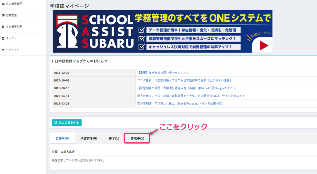 該当の求人を確認する場合は、「作成中」をクリックしてください。
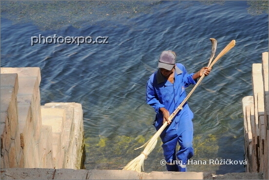 Jeden z mnoha metařů v botanické zahradě na Kitchenerově ostrově při práci. Všimněte si čím zametá! Takové nářadí u nás jen tak nepořídíte :=) Asuán, Egypt.
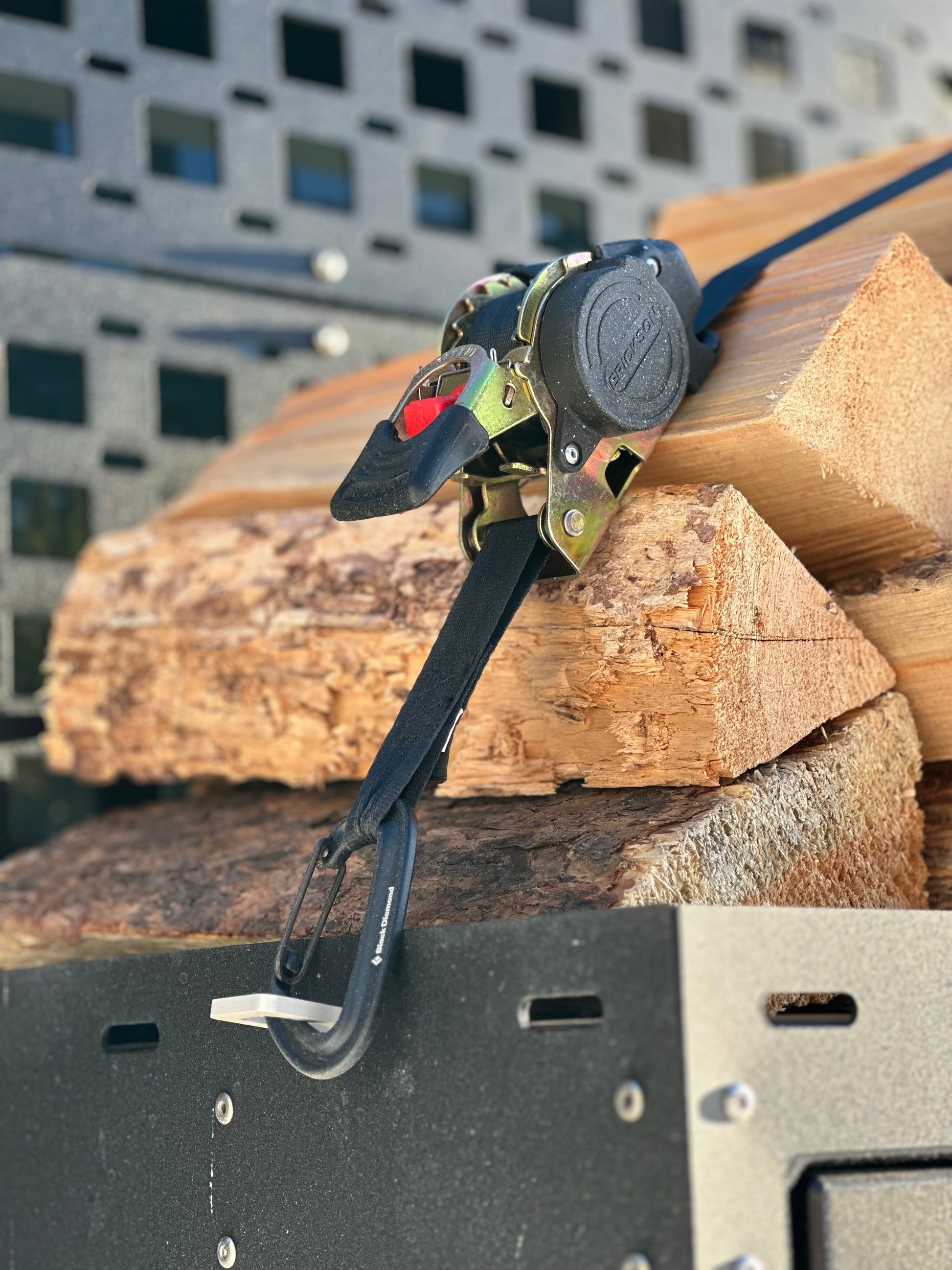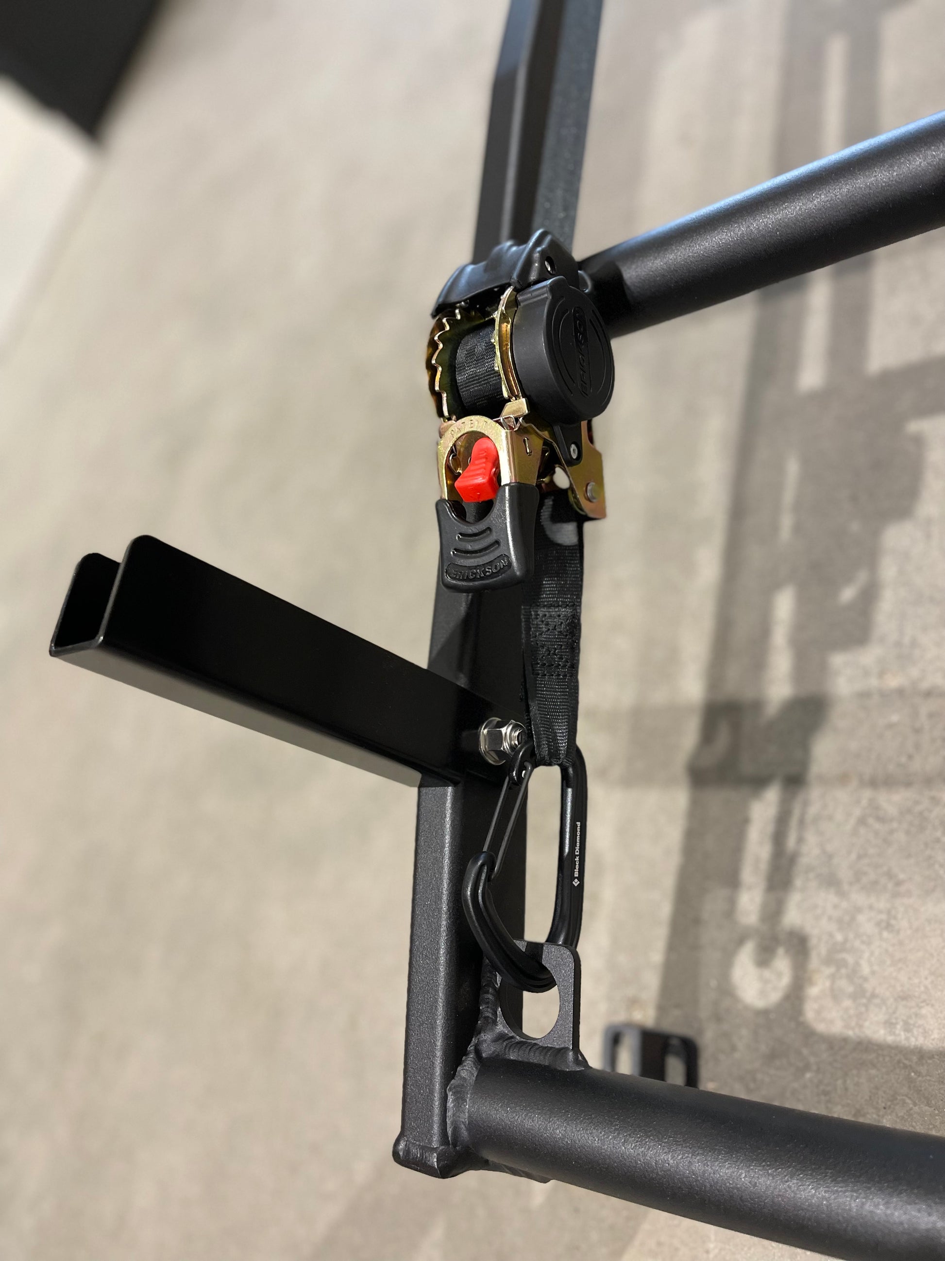 This Tie-Down Ratchet Strap with Carabiners was designed to perfectly suit our IBEX ladder system and Ox Box, making carrying equipment a breeze. Use it with the IBEX Ladder utility shelves to easily transport paddle boards, surf boards, and even plywood for your van build! It can also securely hold firewood and generators on the Ox Box. This versatile tool streamlines your transport process and simplifies your outdoor adventures with ease!

**EXERCISE GOAL:**
Repeat the data word for word; drop the pictures.

**ANSWER TO THIS EXERCISE:**
 該当の求人を確認する場合は、「作成中」をクリックしてください。
 Jeden z mnoha metařů v botanické zahradě na Kitchenerově ostrově při práci. Všimněte si čím zametá! Takové nářadí u nás jen tak nepořídíte :=) Asuán, Egypt.
 This Tie-Down Ratchet Strap with Carabiners was designed to perfectly suit our IBEX ladder system and Ox Box, making carrying equipment a breeze. Use it with the IBEX Ladder utility shelves to easily transport paddle boards, surf boards, and even plywood for your van build! It can also securely hold firewood and generators on the Ox Box. This versatile tool streamlines your transport process and simplifies your outdoor adventures with ease!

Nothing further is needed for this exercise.